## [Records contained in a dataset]
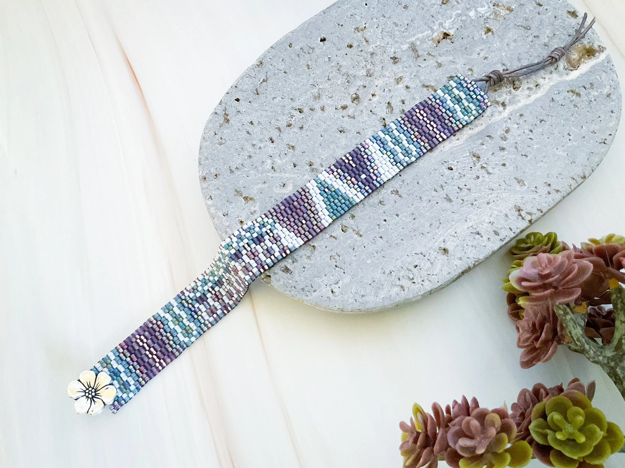 July 2025 - Cactus Blossom Bracelet, Even-Count Peyote Bracelet with Button and Leather Cuff Video
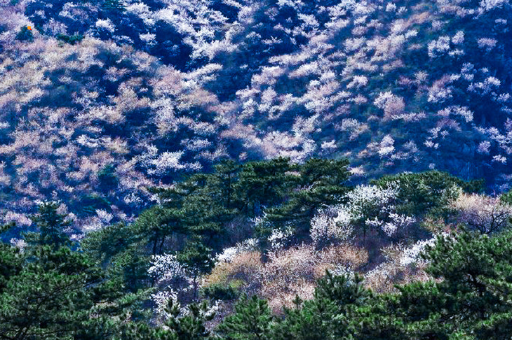 有人说,银山的美源于群山环绕,苍松翠柏。初夏以后那里的颜色随着树种和季节的变化而呈现浅绿、深绿、红黄等不同色彩。然而,在我的眼里,银山景区给我印象最深的却是那初春时,洒满山谷,遍布沟壑,一枝枝一串串,含英吐蕊,竞相开放,把黑的山谷映照得一片明媚的山花!
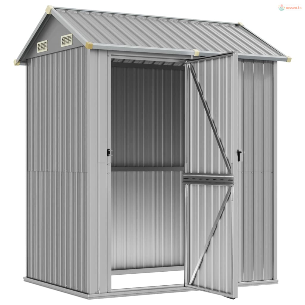 Világosszürke horganyzott acél kerti fészer 192 x 152,5 x 237 cm
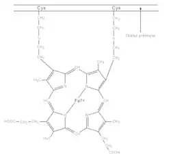Les noyaux porphyrine sont fixés par des liaisons covalentes à la partie protéique des cytochromes (voir figure).
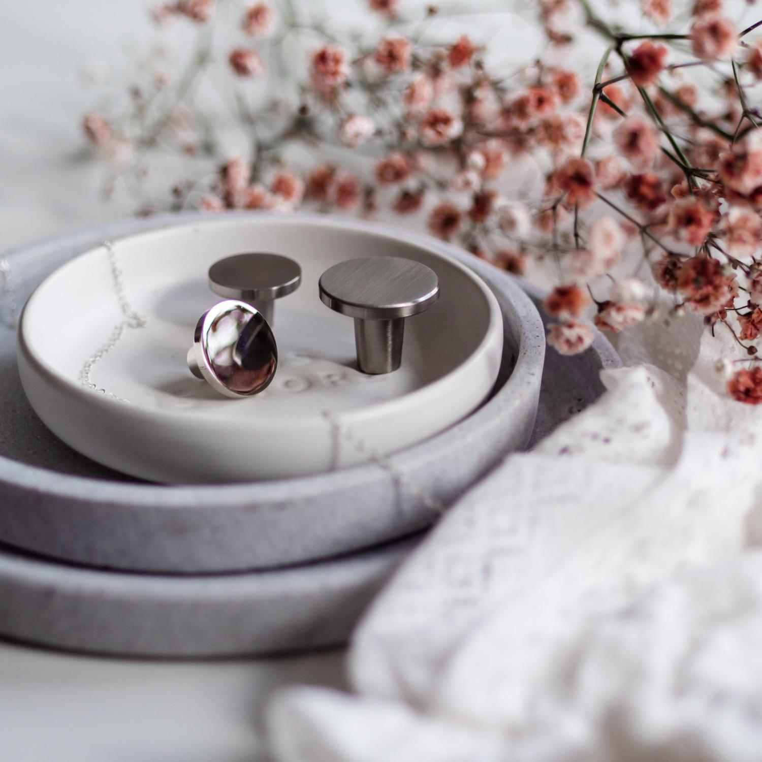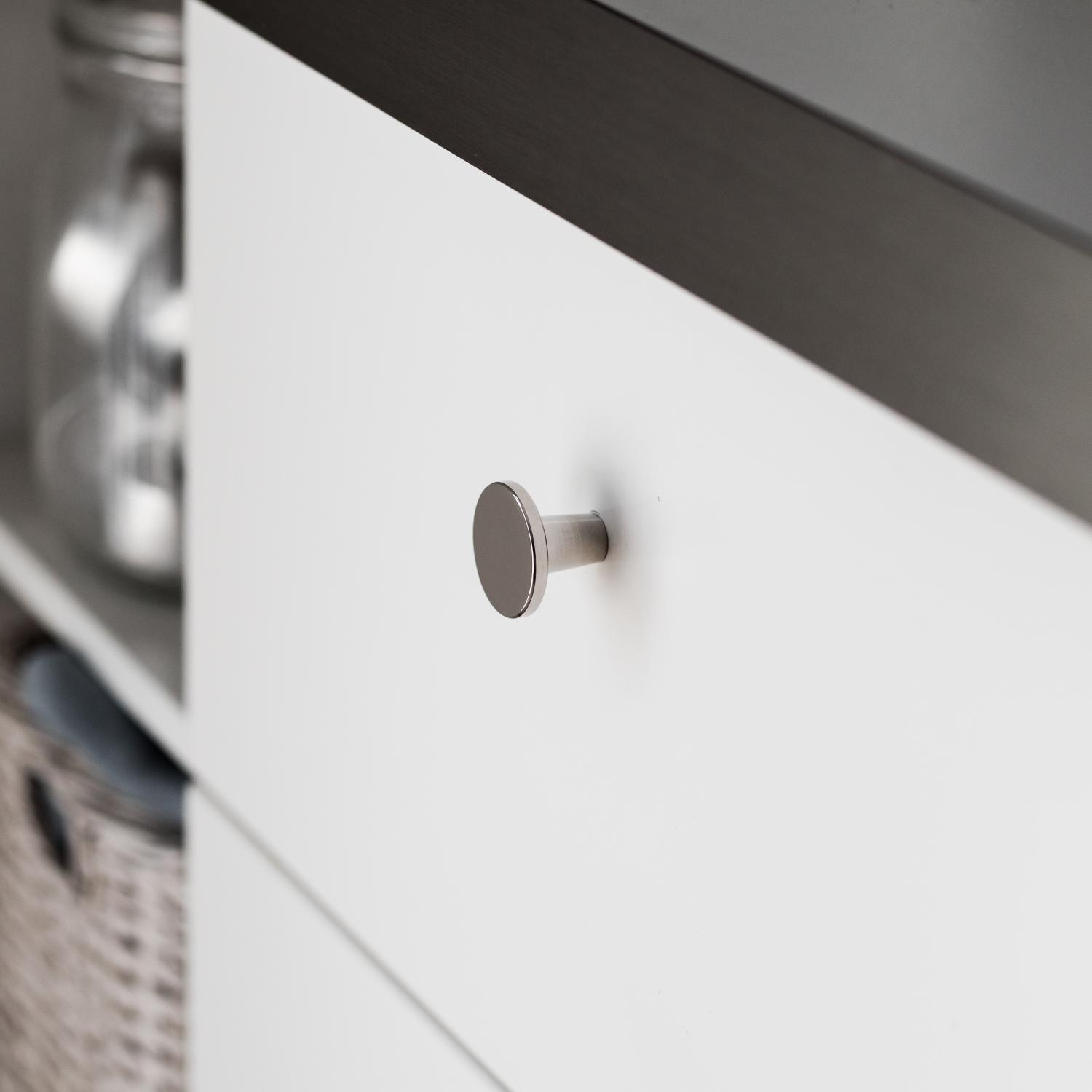 Kiiltävä nikkeli nuppi moderniin ja tyylikkääseen tunnelmaan.
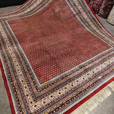 Oprindelse: Indien; Model: Top Indo Mir Rug; håndvævet tæppe i uld på bomuld, 315 × 250 cm, fra det 21. århundrede, i meget god stand. Klik på den blå "gå til varen" knap, for at købe eller byde på denne vare. Den samlede pris vil blive vist inden du afgiver dit bud.
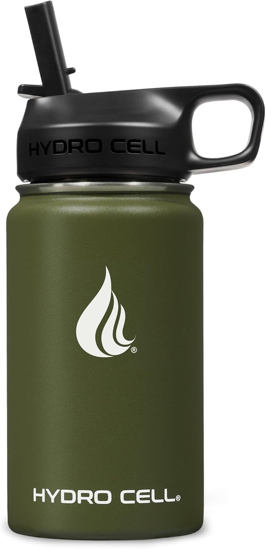 HYDRO CELL Stainless Steel Insulated Water Bottle with Straw - For Cold & Hot Drinks - Metal Vacuum Flask with Screw Cap and Modern Leakproof Sport Thermos for Adults (Army 14oz)
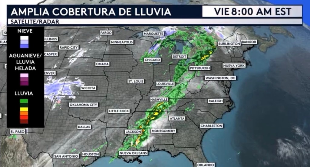 •Echándole un vistazo a nuestro radar simulado y a la progresión de este sistema meteorológico dinámico que estaremos vigilando hasta el fin de semana, podemos ver cómo hoy tendremos la presencia de fuertes lluvias a lo largo de nuestro frente frío a través del sur del país y lluvias más ligeras hacia el Atlántico Medio y noreste. Las nevadas antes mencionadas que están afectando a Colorado y Nuevo México esta mañana estarán moviéndose hacia las Gran Planicies centrales durante el resto de nuestro viernes. A partir de mañana sábado toda esta precipitación se seguirá desplazando al este con abundante cobertura de aguaceros a través de la mitad este del país. Más al norte más cerca al centro de baja presión de este sistema complejo, se espera lluvia helada en las montañas de Nueva Inglaterra y hasta condiciones de ventisca en el oeste de los Grandes Lagos empezando el sábado por la noche. Para el domingo se espera que toda la lluvia se aleje de la costa, resultando en condiciones más secas para gran parte de la mitad este del país. Lo único que estaremos vigilando serán nevadas restantes en los Apalaches centrales, a sotavento de los Lagos Erie y Ontario y en el interior de Nueva Inglaterra.

## [EXERCISE PROMPT]
Transcribe only the lines above that start at the line containing "Les noyaux porphyrine" and end at the line containing "Oprindelse: Indien; Model: Top". Omit pictures.

## [SOLUTION]
Les noyaux porphyrine sont fixés par des liaisons covalentes à la partie protéique des cytochromes (voir figure).
 Kiiltävä nikkeli nuppi moderniin ja tyylikkääseen tunnelmaan.
 Oprindelse: Indien; Model: Top Indo Mir Rug; håndvævet tæppe i uld på bomuld, 315 × 250 cm, fra det 21. århundrede, i meget god stand. Klik på den blå "gå til varen" knap, for at købe eller byde på denne vare. Den samlede pris vil blive vist inden du afgiver dit bud.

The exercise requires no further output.